In Hamilton, George Washington is portrayed as a towering and mythic figure who becomes a father figure for the brash and impetuous Alexander Hamilton. He is revered by the soldiers he commands, and his stoic bravery serves as the moral backbone of the revolution. It’s a stark contrast from the way he is presented in the new APUSH curriculum, which examines Washington’s legacy in terms of “identity” and “power dynamics.”

The revolution itself is portrayed glowingly in Hamilton, despite a few stray mentions of the moral ambiguities that arose from slavery. The heroism of Hamilton and his friends, which begins with booze fests at taverns, party crashing, and skirt-chasing, is a testosterone-fueled thrill ride set to an infectiously catchy “pump you up” rap soundtrack. Scores of young men, starved for any celebration of masculinity in the early woke period, come to memorize every bar about the warrior ethos and brotherhood and honor. It is, perhaps, their only point of encounter with these themes in popular culture.

“Raise a glass to freedom,” they shout to one another at fraternity parties. “Something they could never take away, no matter what they tell you!”

The show, which eventually becomes the highest-charting cast album since Hair in 1969, is ridiculed by woke academics. They call it a “musical about the mythology of the ruling class.” They say it obscures the “white supremacist origins of our country.” They call it an extension of “Founders Chic” that, through its all-minority cast, reinforces a “whitewashed” version of America to a new generation.

GRENELL SLAMS HAMILTON MUSICAL AS INTOLERANT

This is nonsense, of course. Hamilton simply gave some of the most important men in the history of Western civilization their due for turning the world upside down. And this, in turn, planted a seed in many young men to eventually spurn the wokeism of their youth.
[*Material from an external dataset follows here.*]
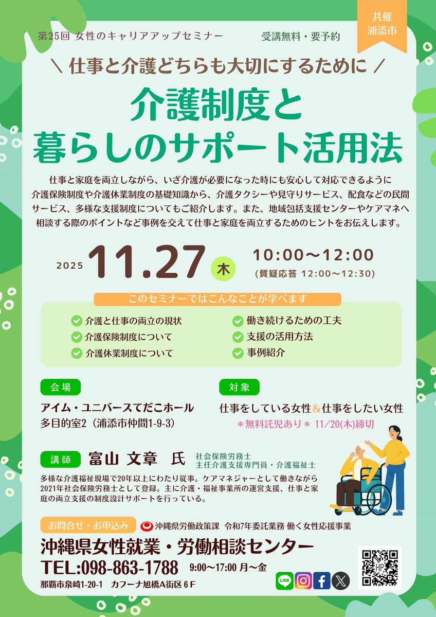 11/27(木)浦添市開催セミナーまだ空いてます! 主任介護専門員として現場で働く専門家から、介護と仕事の両立のポイントや介護休業等の制度について分かりやすくお伝えします。 ご予約☎098-863-1788 pic.x.com/4VCtWkESzp

They may not have realized it at the time — indeed, they probably fancied themselves enlightened for the sheer fact of embracing the all-minority cast — but through embracing the themes of Hamilton, they internalized the very values that would lead them to support President Donald Trump in record numbers.

To the Keenans of the world: Leave the rap out of it. Leave out even the “thugged-out black dudes wearing breeches and waistcoats” if that makes you comfortable. Hamilton helped revive a culture CRT tried to bury. And for this, Miranda and Co. deserve credit, whether they want it or not.